What you are asked to do
Repeat the listing below exactly from the line with "Edelstahl-Einbauspüle 2 Becken" through its last line. Skip every picture.
╔══
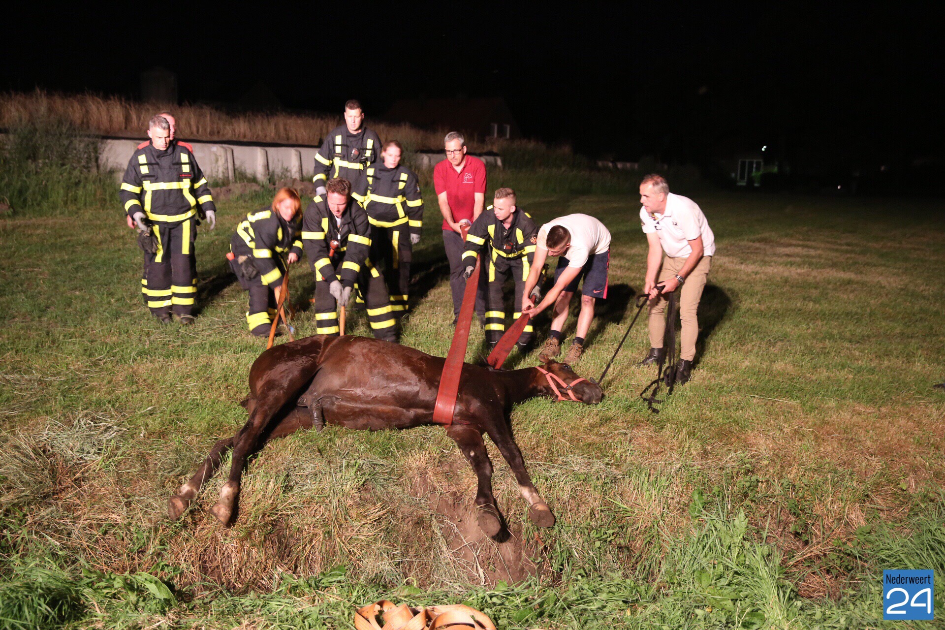 Na verschillende pogingen waren het paard en de hulpverleners te vermoeid. De brandweer en een dierenarts zijn gebeld om het paard met vereende krachten uit haar benarde positie te bevriiden. Met behulp van een tractor uit de buurt is geprobeerd het paard op de benen te tillen, maar dit lukte niet. Toen hebben ze een zeil langs het paard gelegd, het dier omgerold en in een trailer gelegd. De dierenarts gaat bekijken hoe het met het paard gaat.
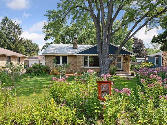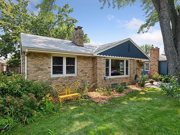 This 50's brick rambler will charm you! Great main floor living. Oversized living room with stone wood-burning fireplace, coved ceilings, hardwood floors, large picture window (with replacement windows) overlooking the front butterfly/native perennial gardens. This floorplan offers a true formal dining room with space to entertain and window seat for your plants. Kitchen features new stainless steel sink and stainless appliances, and pantry with pullouts. Main floor full bath is your vintage yellow and gray tiled original bath. There are two main floor bedrooms and linen and storage closets on the hall. The primary bedroom has two closets and the mounted wardrobe will stay with the home. The lower level has been refreshed with new carpet and paint, glass block windows, and is ready for movie nights! The lower level also has a third bedroom/office with a large closet and half bath. Plenty of unfinished storage in the utility room and the laundry room. Roof 2017, Sewer lined in 2021. Enjoy summer entertaining on your deck and patio, and imagine the possibilities in the fenced backyard. Terrific location, convenient to shops, restaurants, sits in a cute pocket neighborhood with convenient highway access just a few blocks from downtown Robbinsdale. Professional photos show off the character and features of this home!
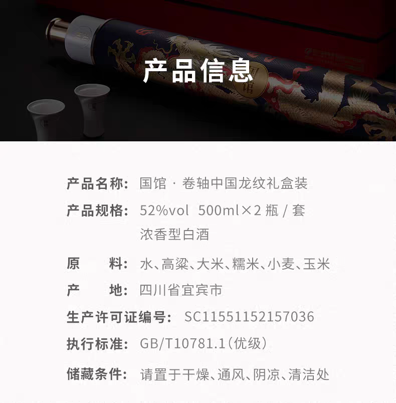 国馆-卷轴中国龙纹礼盒(浓香型白酒) | 500ml*2 52%vol,清仓价199元
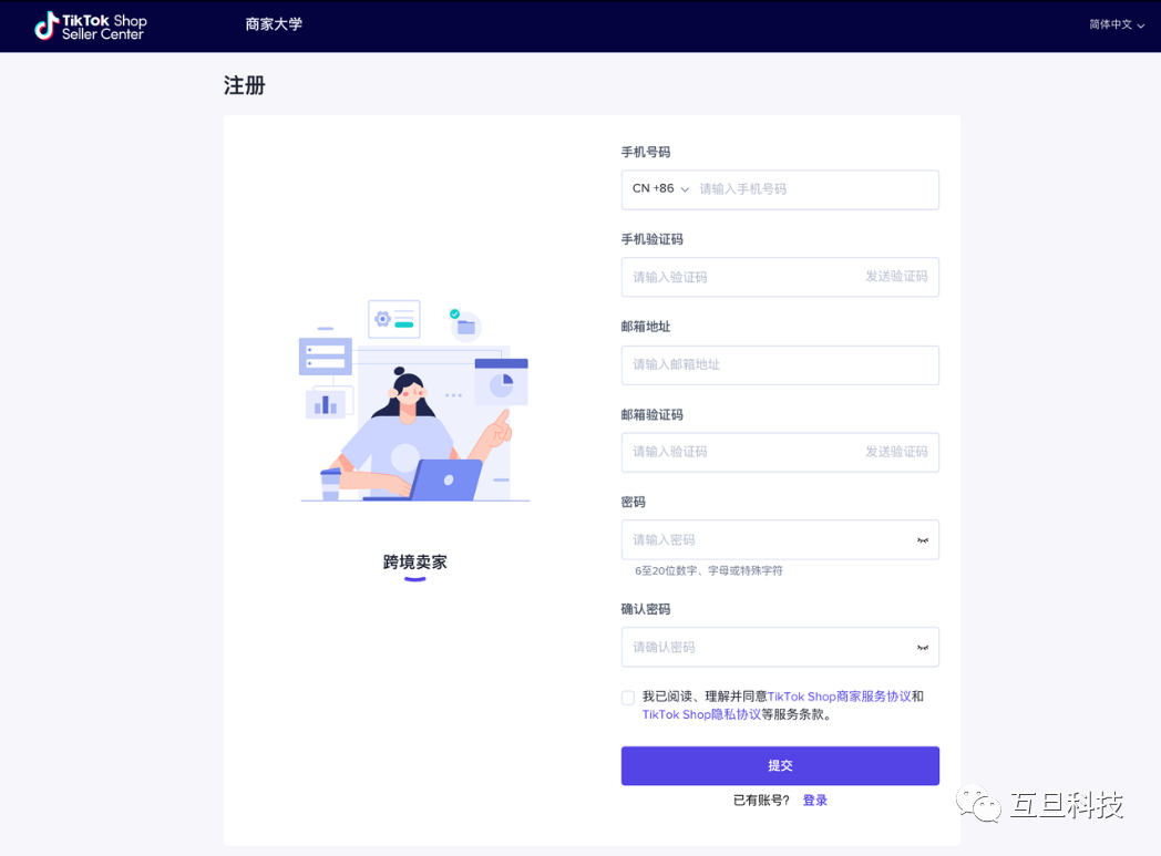 進入TikTok Shop跨境官網(wǎng)鏈接, 點擊“注冊成為TikTok Shop跨境賣家”啟動賬號注冊流程。?https://seller.tiktokglobalshop.com/account/welcome/
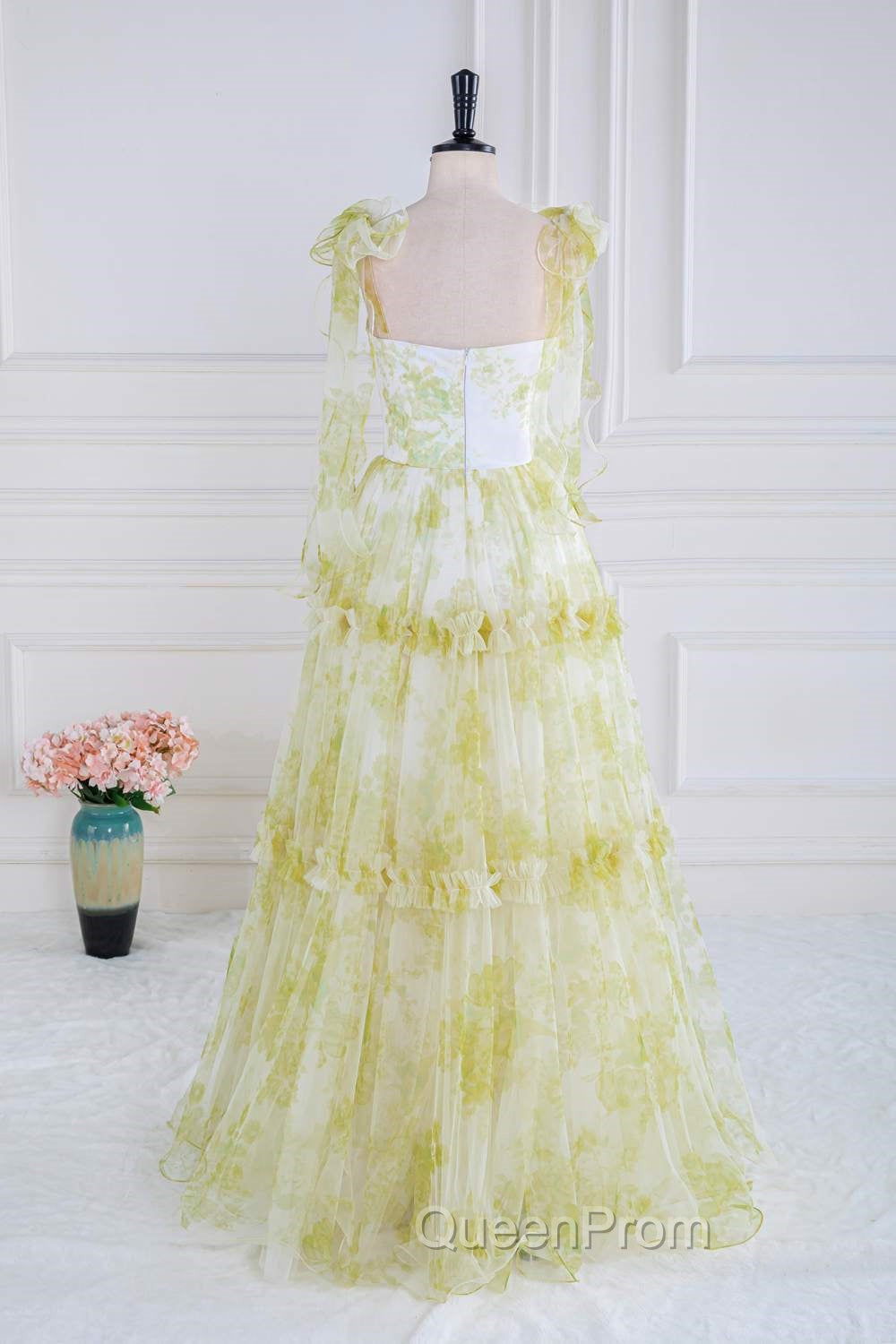 Tie Straps Yellow Floral Print Ruffles Tulle Long Evening Prom Dresses
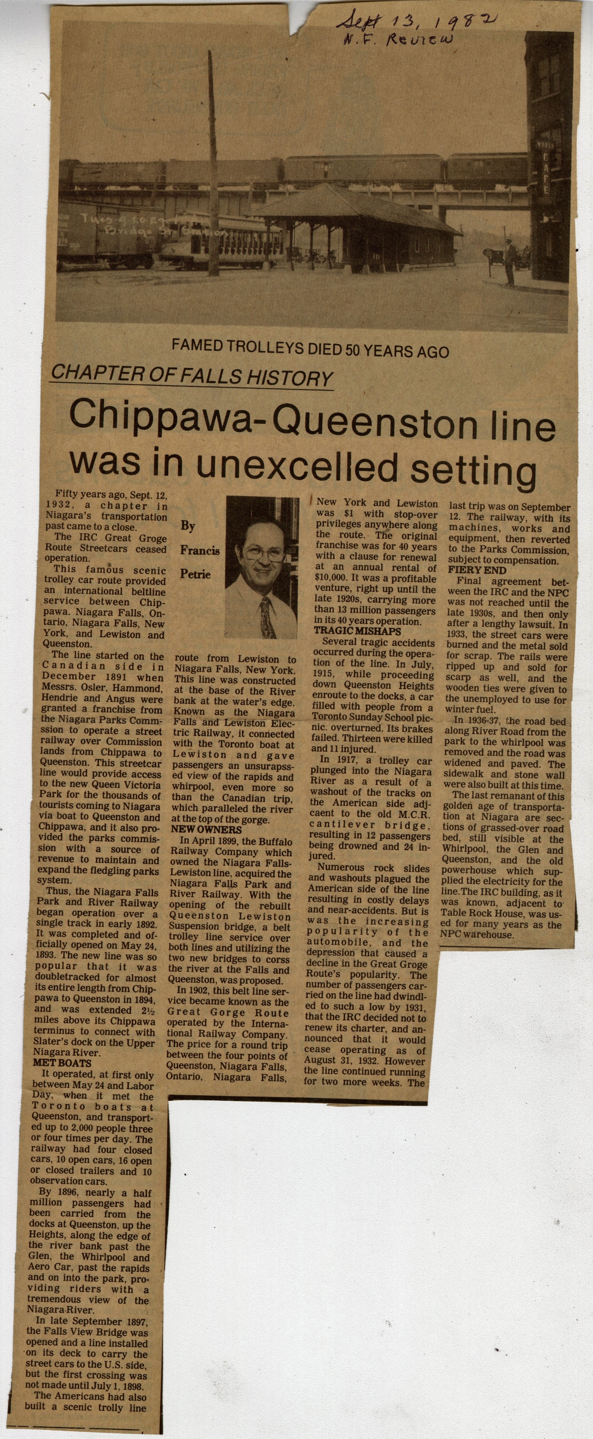 - Chapter of Falls History : Chippawa-Queenston line was in unexcelled setting
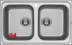 Edelstahl-Einbauspüle 2 Becken Außenmaße 790x500mm Beckenabmessungen: 340x400mm
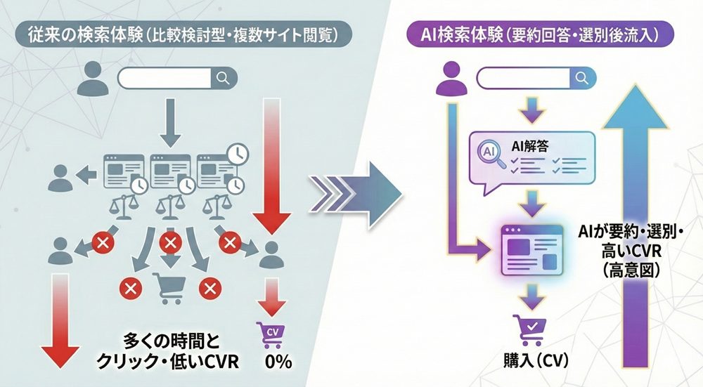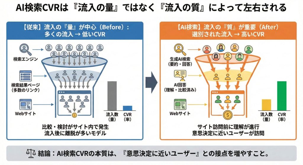 従来は「多くの流入を集め、その一部がコンバージョンする」というモデルでしたが、AI検索では「より選別された流入がコンバージョンにつながりやすい構造へ変化する傾向が見られます」。
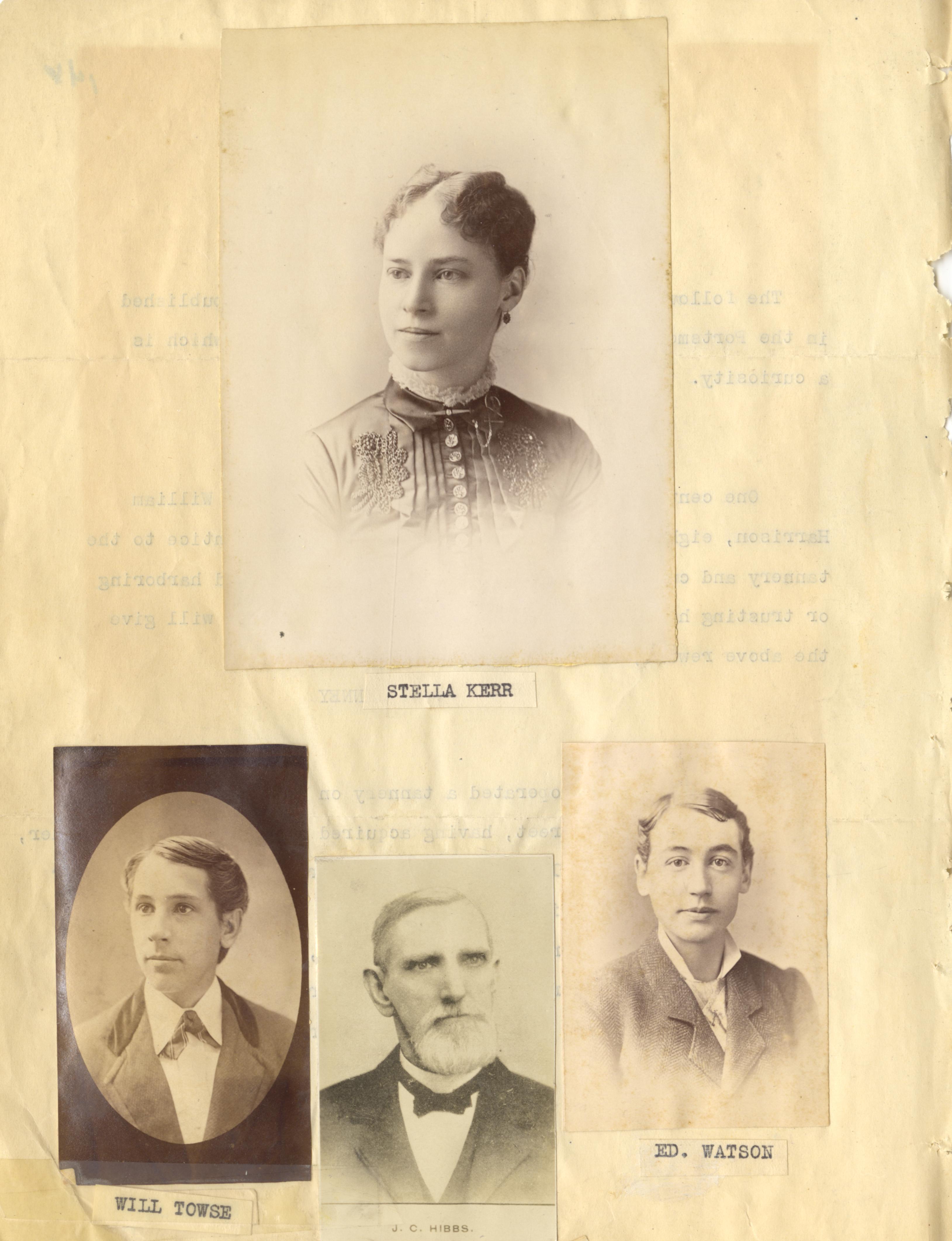 - Photo image of scanned scrapbook page. Stella Kerr; Will Towse; J.C. Hibbs; Edward Watson
╚══
Solution to this task
 Edelstahl-Einbauspüle 2 Becken Außenmaße 790x500mm Beckenabmessungen: 340x400mm
 従来は「多くの流入を集め、その一部がコンバージョンする」というモデルでしたが、AI検索では「より選別された流入がコンバージョンにつながりやすい構造へ変化する傾向が見られます」。
 - Photo image of scanned scrapbook page. Stella Kerr; Will Towse; J.C. Hibbs; Edward Watson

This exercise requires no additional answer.